Exercise requirements =
An exact repetition of the data is required; no picture should appear in it.

Material provided =
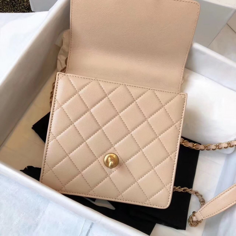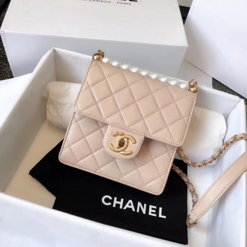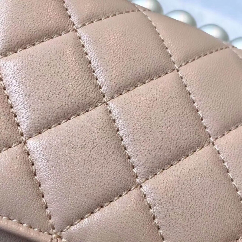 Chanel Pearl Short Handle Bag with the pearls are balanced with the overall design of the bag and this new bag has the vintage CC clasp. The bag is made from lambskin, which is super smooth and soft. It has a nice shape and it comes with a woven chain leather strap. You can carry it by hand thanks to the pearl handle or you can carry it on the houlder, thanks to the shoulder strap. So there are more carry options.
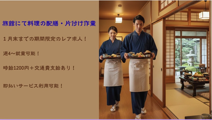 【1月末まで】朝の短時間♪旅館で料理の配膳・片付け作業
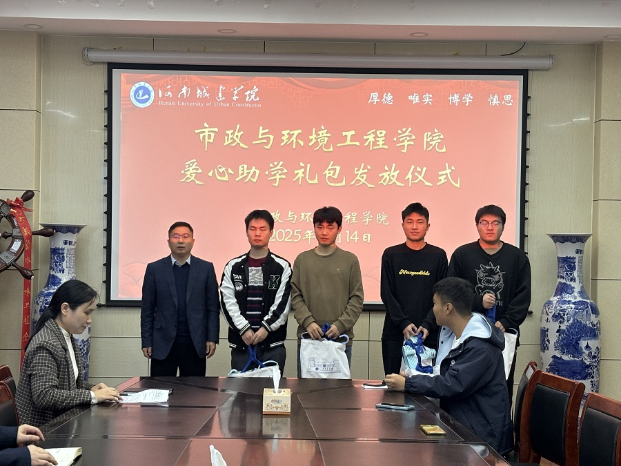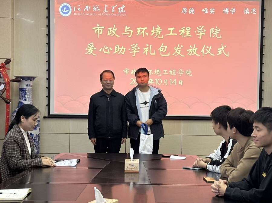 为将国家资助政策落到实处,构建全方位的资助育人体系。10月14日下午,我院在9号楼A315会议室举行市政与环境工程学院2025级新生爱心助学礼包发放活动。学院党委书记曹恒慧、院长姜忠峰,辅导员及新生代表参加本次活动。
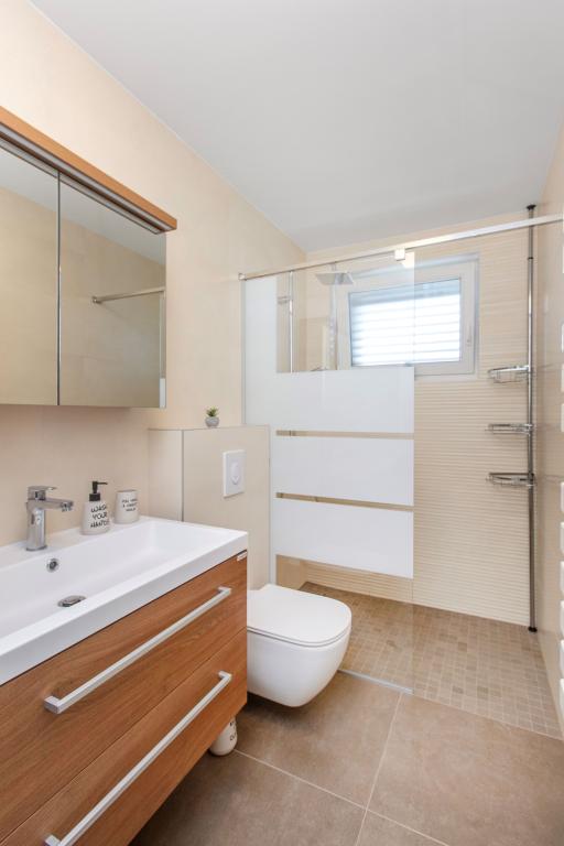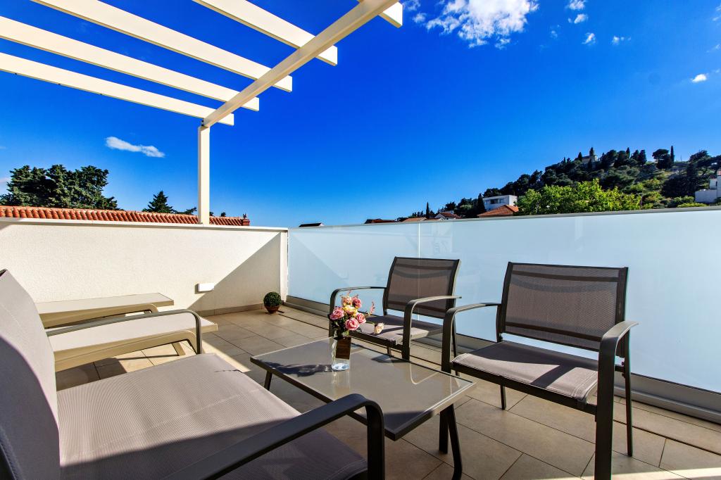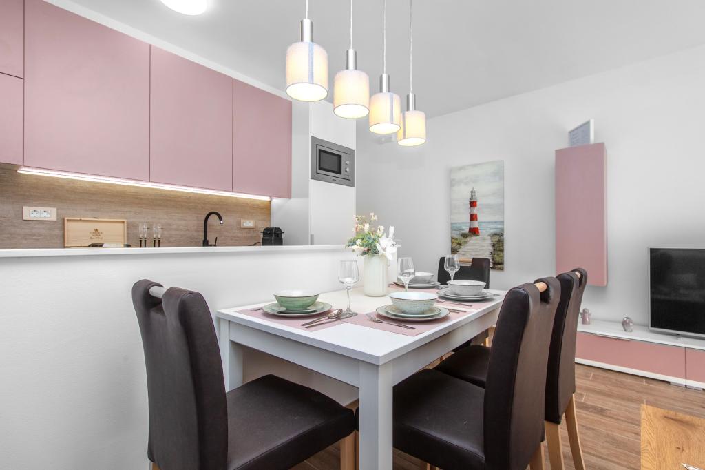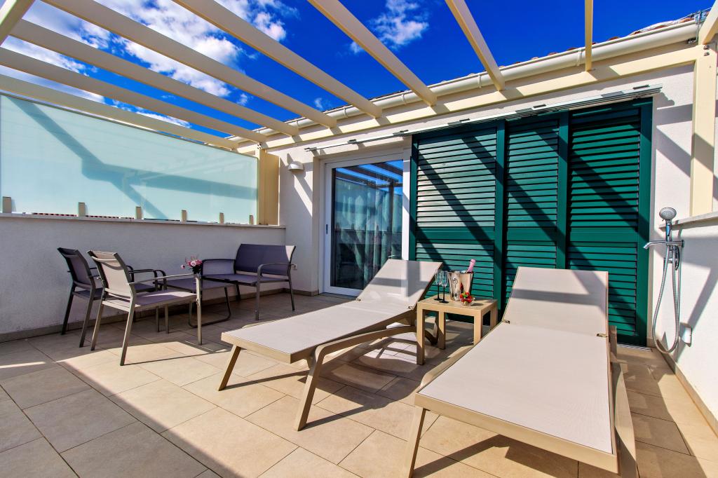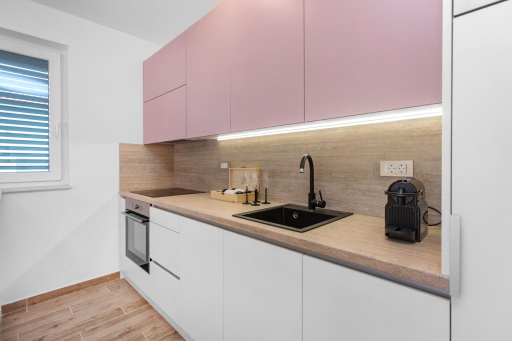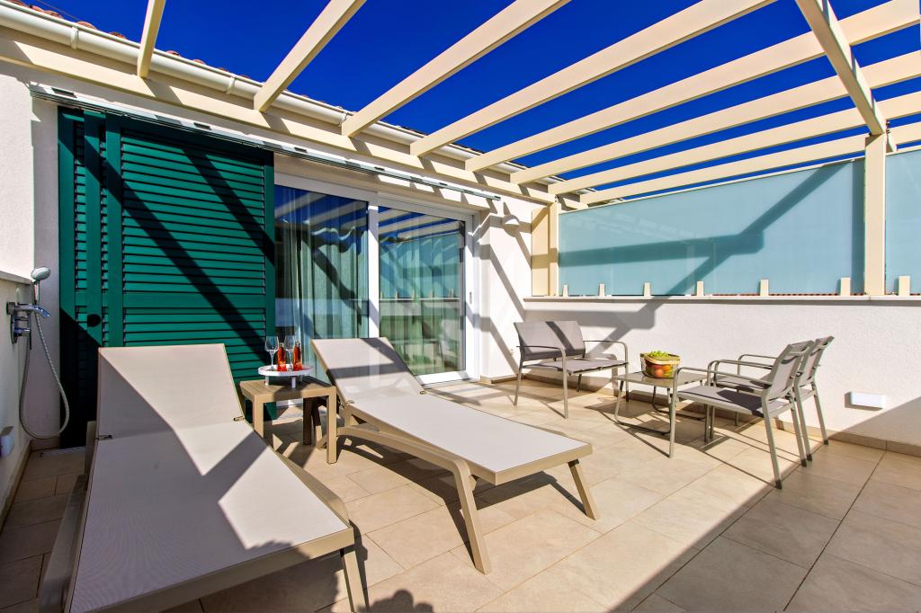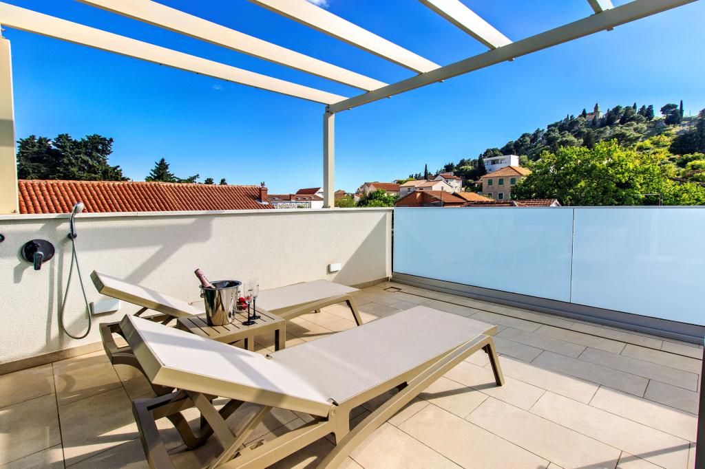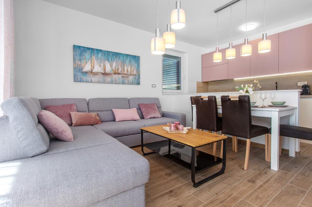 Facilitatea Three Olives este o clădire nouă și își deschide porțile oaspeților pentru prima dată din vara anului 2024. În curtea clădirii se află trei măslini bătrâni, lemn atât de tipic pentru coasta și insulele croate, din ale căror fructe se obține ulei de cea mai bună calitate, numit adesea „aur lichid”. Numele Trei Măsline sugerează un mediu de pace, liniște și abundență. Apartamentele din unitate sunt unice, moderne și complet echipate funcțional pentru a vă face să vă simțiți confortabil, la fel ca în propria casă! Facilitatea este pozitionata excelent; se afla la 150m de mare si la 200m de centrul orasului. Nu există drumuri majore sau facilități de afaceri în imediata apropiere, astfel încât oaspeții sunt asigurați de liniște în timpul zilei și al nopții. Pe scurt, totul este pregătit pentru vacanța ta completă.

Answer box =
 Chanel Pearl Short Handle Bag with the pearls are balanced with the overall design of the bag and this new bag has the vintage CC clasp. The bag is made from lambskin, which is super smooth and soft. It has a nice shape and it comes with a woven chain leather strap. You can carry it by hand thanks to the pearl handle or you can carry it on the houlder, thanks to the shoulder strap. So there are more carry options.
 【1月末まで】朝の短時間♪旅館で料理の配膳・片付け作業
 为将国家资助政策落到实处,构建全方位的资助育人体系。10月14日下午,我院在9号楼A315会议室举行市政与环境工程学院2025级新生爱心助学礼包发放活动。学院党委书记曹恒慧、院长姜忠峰,辅导员及新生代表参加本次活动。
 Facilitatea Three Olives este o clădire nouă și își deschide porțile oaspeților pentru prima dată din vara anului 2024. În curtea clădirii se află trei măslini bătrâni, lemn atât de tipic pentru coasta și insulele croate, din ale căror fructe se obține ulei de cea mai bună calitate, numit adesea „aur lichid”. Numele Trei Măsline sugerează un mediu de pace, liniște și abundență. Apartamentele din unitate sunt unice, moderne și complet echipate funcțional pentru a vă face să vă simțiți confortabil, la fel ca în propria casă! Facilitatea este pozitionata excelent; se afla la 150m de mare si la 200m de centrul orasului. Nu există drumuri majore sau facilități de afaceri în imediata apropiere, astfel încât oaspeții sunt asigurați de liniște în timpul zilei și al nopții. Pe scurt, totul este pregătit pentru vacanța ta completă.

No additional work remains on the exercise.